Given information.
------
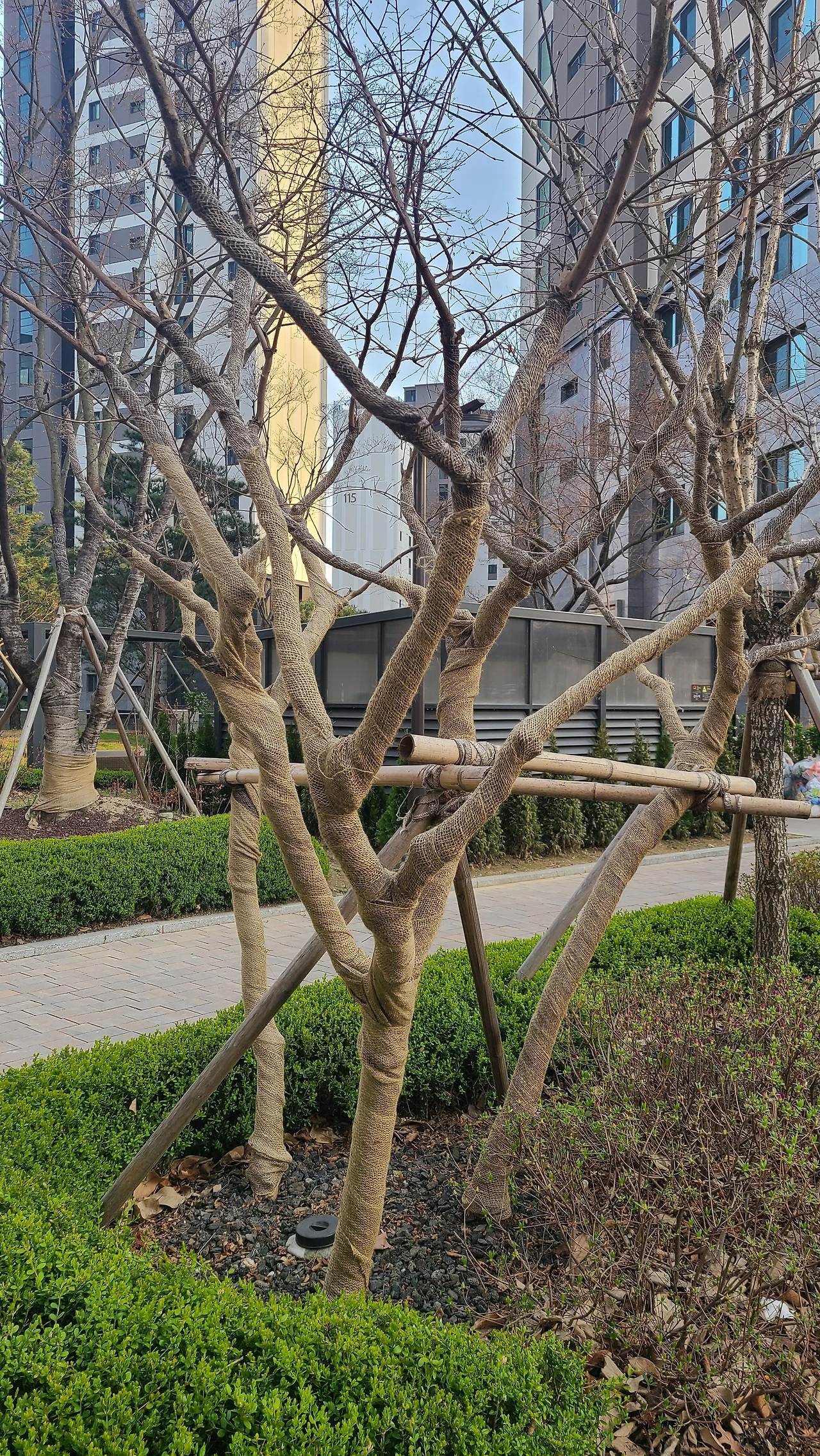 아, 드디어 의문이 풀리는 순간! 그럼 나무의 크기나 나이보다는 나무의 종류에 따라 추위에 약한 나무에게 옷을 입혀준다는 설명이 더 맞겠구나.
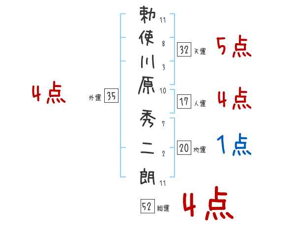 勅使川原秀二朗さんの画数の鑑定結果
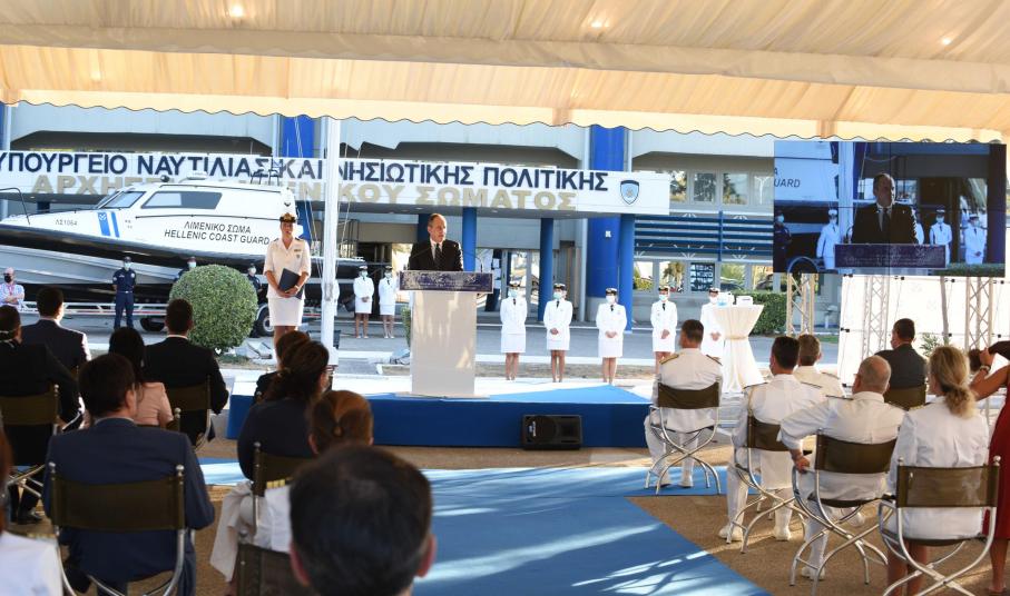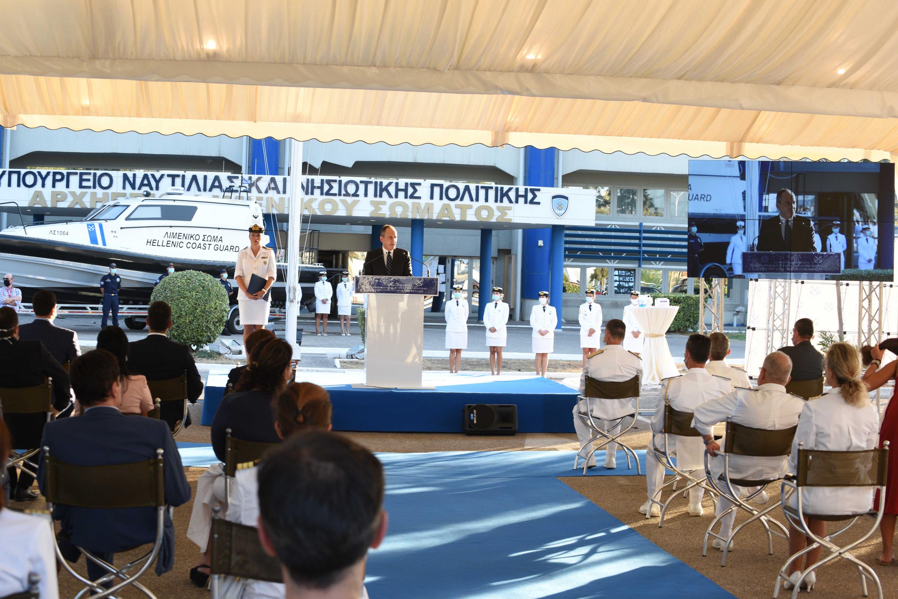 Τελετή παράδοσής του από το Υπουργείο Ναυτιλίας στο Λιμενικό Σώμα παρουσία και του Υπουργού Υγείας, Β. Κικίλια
------
Problem description.
Give back, exactly and with nothing added, the lines from the line with "勅使川原秀二朗さんの画数の鑑定結果" through the final line of the data, both included; leave pictures out.

Result for this task.
 勅使川原秀二朗さんの画数の鑑定結果
 Τελετή παράδοσής του από το Υπουργείο Ναυτιλίας στο Λιμενικό Σώμα παρουσία και του Υπουργού Υγείας, Β. Κικίλια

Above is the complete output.